Vinicius de Moraes pregou e pegou: “Uma mulher tem que ter qualquer coisa de triste. Qualquer coisa que chora”. Mas em tempos de cirurgias e photoshop, que padronizam os corpos, de nude e seguidores virtuais, é preciso ter também alguma coisa de errado, de safada, alguma coisa que bole. Que mexe. Foi-se o tempo da mulher certinha. Desde de que queimaram o avental e a anágua, as moças vêm aprendendo que ter alguma coisa que provoque sentimentos ambíguos pode, sim, ser bem bacana.

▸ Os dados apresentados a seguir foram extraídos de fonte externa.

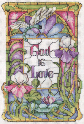 By Barbara Baatz Hillman. God is Love is written in the center of this stained glass style design. The subtle colors blend beautifully with the sweet flowers and vines that surround the sentiment. A dragonfly hovers nearby for an elegant view through this lovely window.God is Love is written in the center of this stained glass style design. The subtle colors blend beautifully with the sweet flowers and vines that surround the sentiment. A dragonfly hovers nearby for an elegant view through this lovely window.
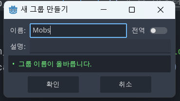 그룹이름을 'Mobs'로 지정하고 그룹을 생성해주면 된다.
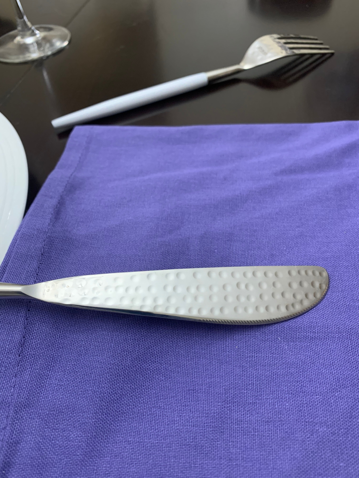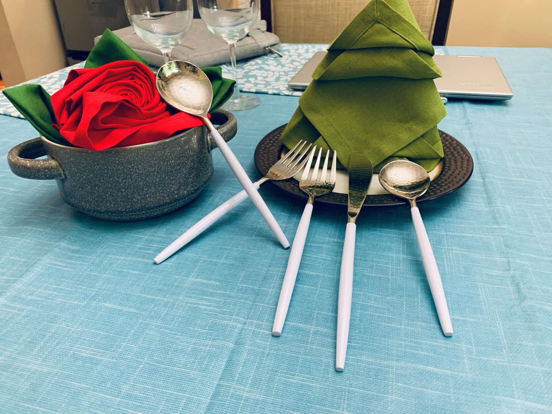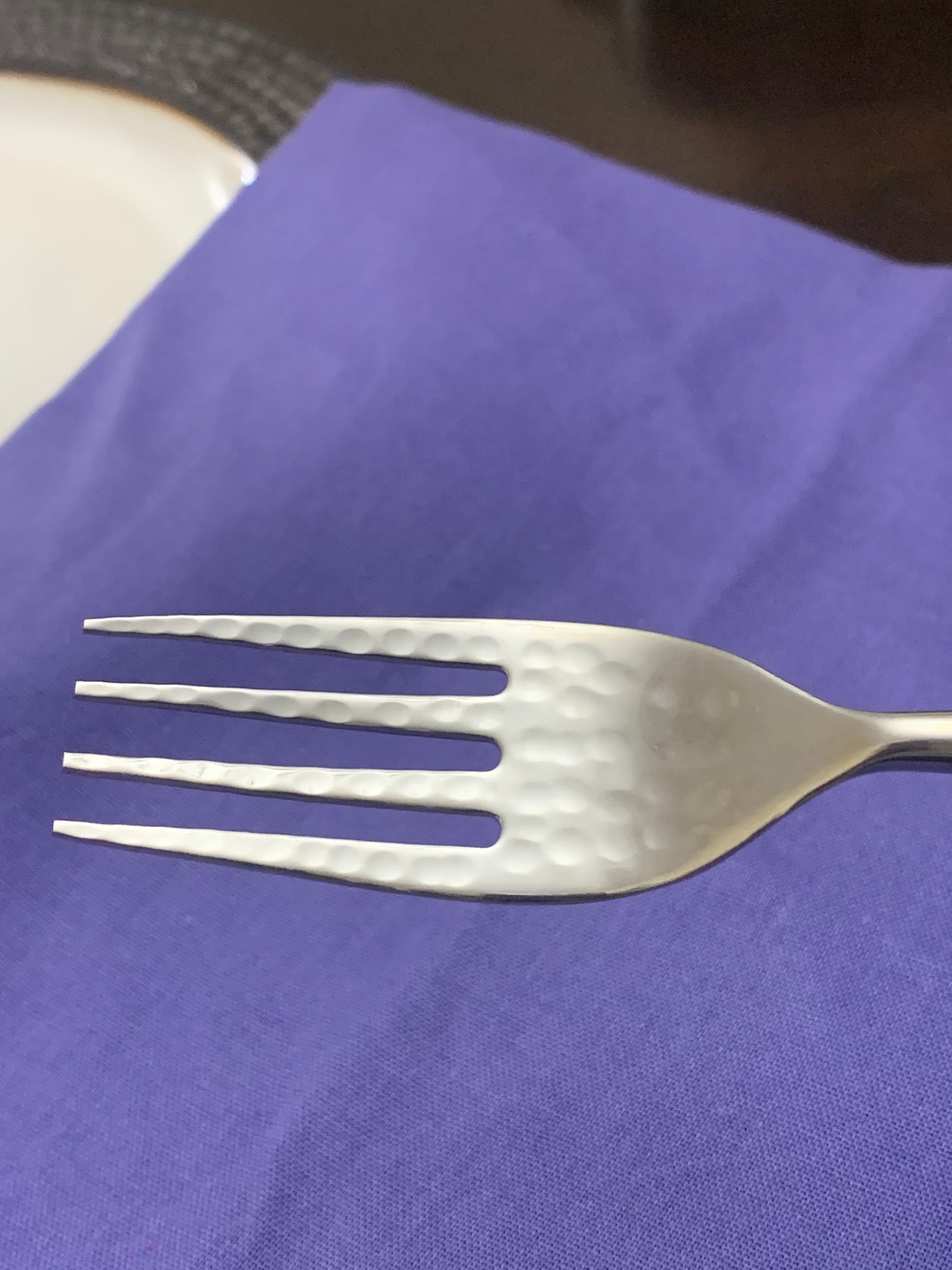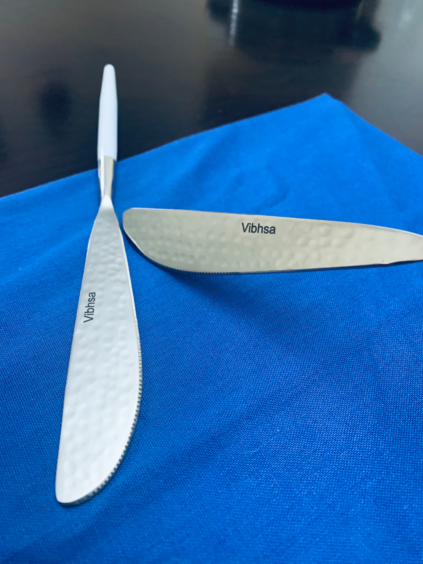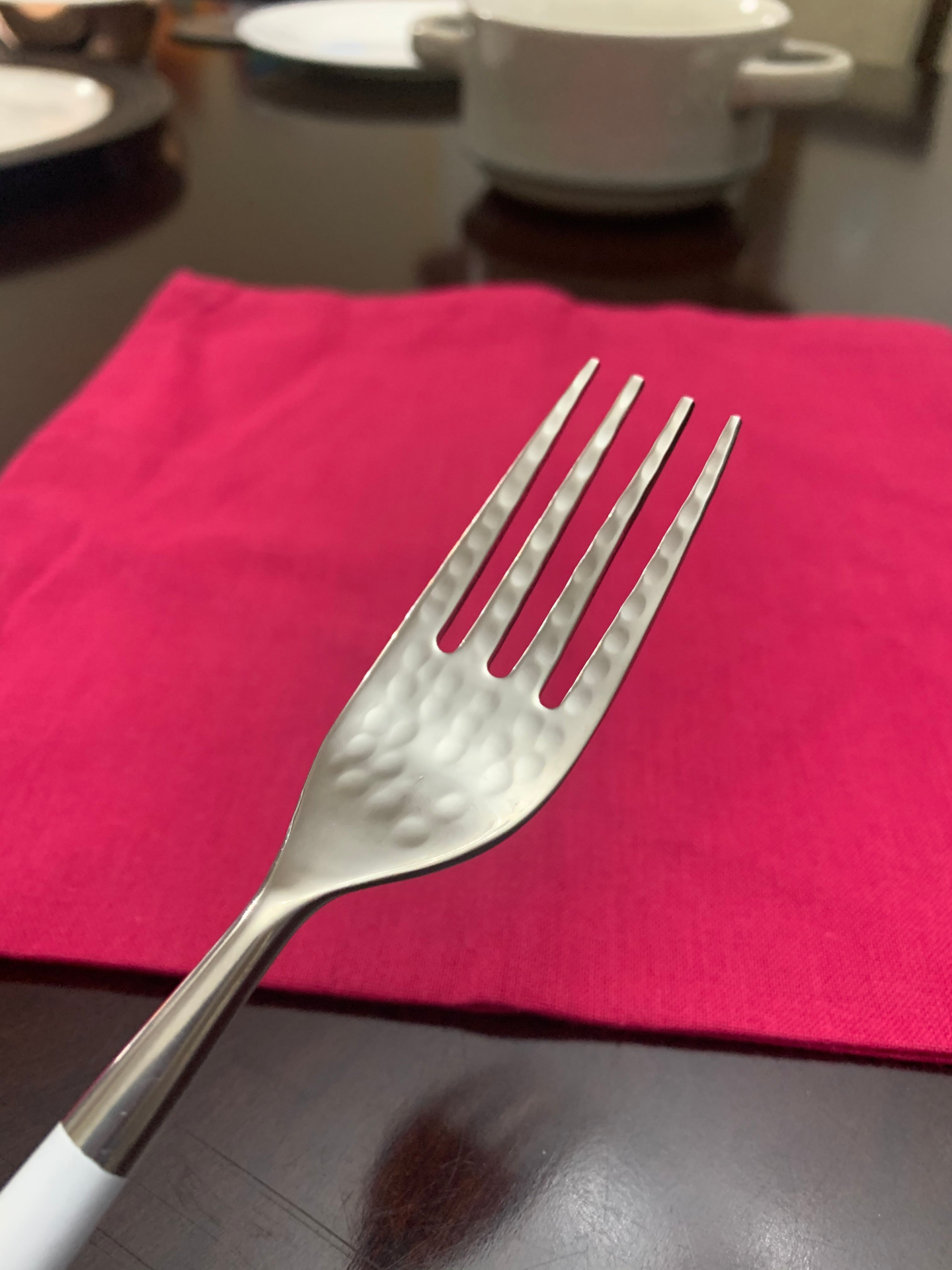 - Made by artisan Stainless Steel cutlery set. White powder coated handle with High Gloss Finish gives a classic look to your parties. Hammered mouth gives a unique look to your table setting

É preciso ter qualquer coisa que ousa.
É preciso ter qualquer coisa de Alceu Penna (1915-1980). Enquanto a maioria pregava o “qualquer coisa que chora”, o desenhista ilustrava as páginas da uma das mais importantes publicações nacionais com lindas mulheres fumando, bebendo, muitas vezes de maiô e sozinhas na praia (uma ousadia na época). Alceu pintava mulheres entregues ao batom, aos decotes, ao Carnaval e à vida. Pintava o que as jovens sonhavam em ser e… o que muitas de nós somos hoje.
Obrigada, Alceu.
O livro Alceu Penna e as Garotas do Brasil foi lançado ontem em São Paulo. Uma biografia ricamente ilustrada que revela as raízes de muito do que vemos hoje na moda, no design e nos botecos e praias.
Obrigada, Gonçalo Junior (o autor).

Alceu Penna e as Garotas do Brasil – 318 pg
Gonçalo Junior
Editora Amarilys – R$ 49
Em tempo: Viva Vinicuis de Moraes, conquistador, poeta, mestre.